To Hang My Hat

With a multitude of climates, paces, landscapes, and activities to choose from, deciding where in the country to hang your (or my) hat is not an easy feat.

With a multitude of climates, paces, landscapes, and activities to choose from, deciding where in the country to hang your (or my) hat is not an easy feat. Economic and cultural factors also come into play, as we each try to balance cost of living with standard of living. Having set myself down in numerous zip codes and time zones, I’ve compiled my picks for the best places to live in the U.S.

San Francisco Bay Area – As evidenced in home and rental prices, residences in this region are some of the most sought-after in the nation. From San Raphael in the north to Palo Alto in the south and Berkeley in the east, the whole San Francisco Bay Area is prized terrain. As one of the most livable cities in the country, San Francisco is always one step ahead whether in public policy or social trends. It’s no wonder that a number of the world’s leading-edge companies call the Bay Area home. (Think Apple, Google, Cisco, Genentech, LucasFilm, Electronic Arts, The Gap, etc.) World-class museums, dance troupes, restaurants, concert venues, and other attractions round out the myriad reasons why so many people leave their hearts in San Francisco.

Boulder/Denver – Enjoying more than 300 days of sunshine a year, the mile-high area of Colorado anchored by Boulder and Denver is an outdoorsman’s paradise. Hiking, biking, sailing, fishing, rafting, golf, skiing, and more can all be enjoyed at some point during the year. And that’s not all eco lovers will find here. Boulder is positioning itself, rather successfully, as a hub for clean energy technology development, while Denver was among the first U.S. cities to institute a bicycle-sharing program. The arts are also a key component in the area, with Denver hosting a thriving theatre scene and Boulder being a certain center for music of all genres.

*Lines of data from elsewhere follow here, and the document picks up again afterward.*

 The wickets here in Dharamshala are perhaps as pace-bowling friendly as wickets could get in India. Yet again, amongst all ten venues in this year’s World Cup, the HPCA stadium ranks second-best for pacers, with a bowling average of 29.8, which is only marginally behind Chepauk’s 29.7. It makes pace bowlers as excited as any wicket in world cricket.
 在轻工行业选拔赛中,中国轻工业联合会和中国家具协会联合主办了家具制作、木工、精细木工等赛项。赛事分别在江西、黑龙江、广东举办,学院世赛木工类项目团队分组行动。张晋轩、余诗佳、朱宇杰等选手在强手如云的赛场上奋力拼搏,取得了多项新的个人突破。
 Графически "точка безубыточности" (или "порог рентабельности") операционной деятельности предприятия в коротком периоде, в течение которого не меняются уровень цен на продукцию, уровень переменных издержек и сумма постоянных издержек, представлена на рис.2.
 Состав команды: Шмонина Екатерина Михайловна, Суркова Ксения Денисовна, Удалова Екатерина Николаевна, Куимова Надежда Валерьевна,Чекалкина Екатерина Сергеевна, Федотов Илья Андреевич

Seattle/Tacoma – Situated on the Puget Sound, the Seattle/Tacoma metropolitan area is visually stunning and culturally vibrant. Head out on a sailboat to spy orcas by day and hit a fine restaurant or live performance by night. That’s the best of both worlds right there. In addition to the island explorations off the coast, Vancouver, Spokane, and Portland are all within a day’s drive for a quick weekend get-away. Industry is also strong in the greater Seattle region, with Microsoft at the heart of things. Yes, it’s overcast and rainy quite a bit of the time, but that serves as a nice filter to keep out the riffraff.

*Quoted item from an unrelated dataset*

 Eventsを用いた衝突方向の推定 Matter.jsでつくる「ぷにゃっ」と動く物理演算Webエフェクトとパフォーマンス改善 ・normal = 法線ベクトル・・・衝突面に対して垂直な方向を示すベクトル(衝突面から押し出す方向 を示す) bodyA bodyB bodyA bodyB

Western Massachusetts – In the various hilltowns of the Pioneer Valley and the Berkshires of Western Massachusetts, charm is the name of the game, but credibility is never forsaken for that goal. Around Northampton and Amherst, five top-tier colleges provide an intellectualism and cultural relevance that is sometimes lacking in other small towns. They also shore up the area’s economy like few other industries could. Further west, the Berkshires hold court with Great Barrington, Lenox, and Stockbridge representing their heart-warming brand of Americana which was quaint enough to make even Norman Rockwell take notice. (A similar case could be made for the lovely townships along New York’s Hudson River, from Rhinebeck down to Tarrytown.)

College Towns (Ann Arbor, MI; Eugene, OR; Madison, WI; Austin, TX) – In terms of economic stability, college towns are always a great bet. The educational centers double as employment centers, ensuring jobs that can’t be outsourced. Also, the revenues generated by a university’s programs and population through tuition, sports, arts, and the various overflow into the community help to buffer other financial factors such as home values, local businesses, and the like. On top of all that, they also provide a fantastic source of affordable (or even free) social activities with concerts, lectures, performances, games, and more.

Arts Communities (Ashland, OR; Woodstock, NY; Asheville, NC; Sebastopol, CA; Taos, NM; Brattleboro, VT) – Bursting with writers, artists, thinkers, philosophers, artisans, chefs, activists, and such, arts communities are almost always on the leading edge of our culture. They are also real communities in that they generally come together for both celebrations and solutions. Think globally, act locally is more than just a mantra here; it’s a way of life. Whether it’s Ashland’s Shakespeare Festival or Asheville’s music scene, each town has a claim to some sort of fame, and an allure to call its own.